The zebrafish is a very popular model for evaluating the toxic effect of xenobiotics on tissue development and organ function. Due to its transparency, the malformation of zebrafish embryo is easy to be observed. The generation of so many tissue-specific transgenic zebrafish lines makes it possible to study the resulting subtle changes in the tissue. Published studies have shown that AA induces teratogenicity during early embryonic nephron 4 and cardia 5 development in a zebrafish model. Ding further concluded that the kidney may be more sensitive to AA toxic injury than the heart by comparing the expression of specific genes of kidney and heart in fish. Either way, evidence suggests that AA treatment leads to defect both in kidney and in heart of developing zebrafish embryos.

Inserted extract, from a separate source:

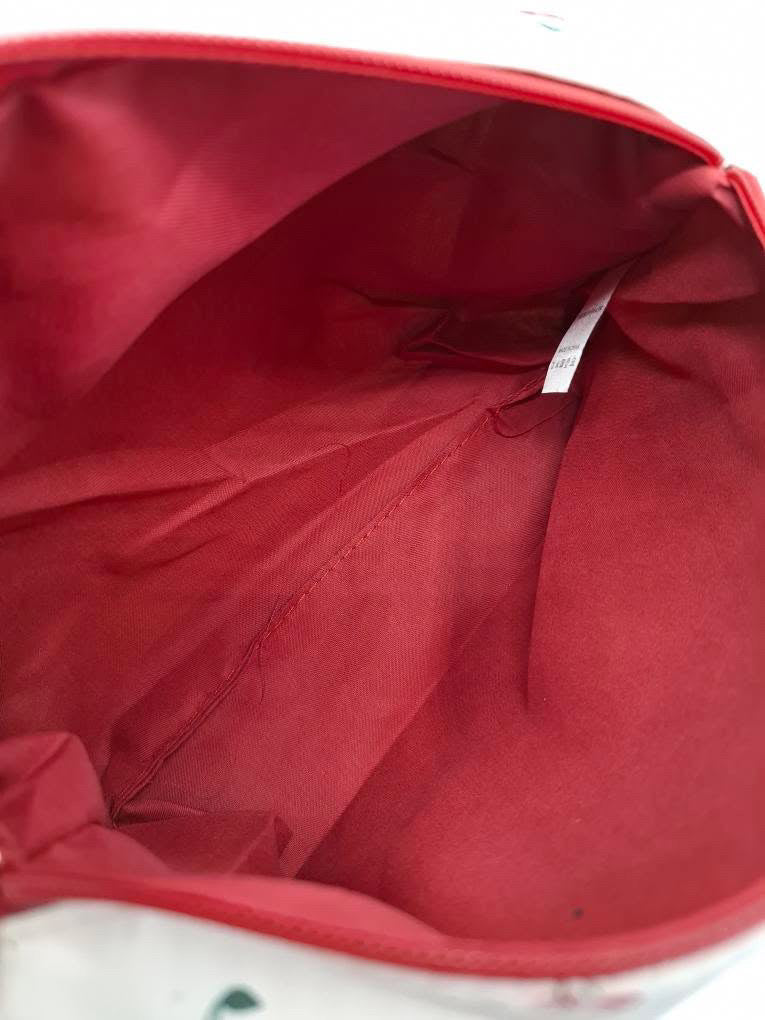 La trousse est de couleur blanche et ornée de petits cœurs rouges dispersés sur toute sa surface. Elle possède une fermeture éclair rouge avec une tirette dorée qui ajoute une touche élégante.

Zebrafish is not only an ideal model in developmental biology research but also for the examination of organ toxicity. Although there are certain advantages with phenotypic observation methodology in zebrafish research, other analytical methodologies, for example, biochemical and molecular biological approaches are also widely used for zebrafish larvae. In AA-induced kidney damage, the change of metabolites in larvae, especially the biomarkers that are closely related to the renal function remain unidentified. In an attempt to shed light on potential clinical biomarkers for AA-induced organ toxicity, we explored the nephrotoxic effects of AA on zebrafish larvae in developed kidney in this study. We have observed that both the change of the creatinine level in zebrafish tissue and the symptom of proteinuria are specific indicators usually examined in hospital for renal disease diagnosis.
Materials and methods
Zebrafish husbandry
AB strain zebrafish were maintained at 28°C with a photoperiod of 14 h light and 10 h dark in an aquarium supplied with fresh water and aeration. Artemia is provided twice at 9:00 h and 16:00 h every day. Male and female adult zebrafish were set up in a breeding tank separated by a mesh screen the night before breeding. The next morning zebrafish lay eggs soon after the light is turned on. Normally fertilized embryos were selected and kept in standard E3 water (“egg water”; 5 mmol/L sodium chloride, 0.17 mmol/L potassium chloride, 0.33 mmol/L calcium chloride, 0.33 mmol/L magnesium chloride, and 10−5% methylene blue) 6 buffered with 2 mmol/L HEPES 2-[4-(2-Hydroxyethyl)-1-piperazinyl]ethanesulfonic acid (Sigma, St Louis, Missouri, USA) until the kidney is completely developed.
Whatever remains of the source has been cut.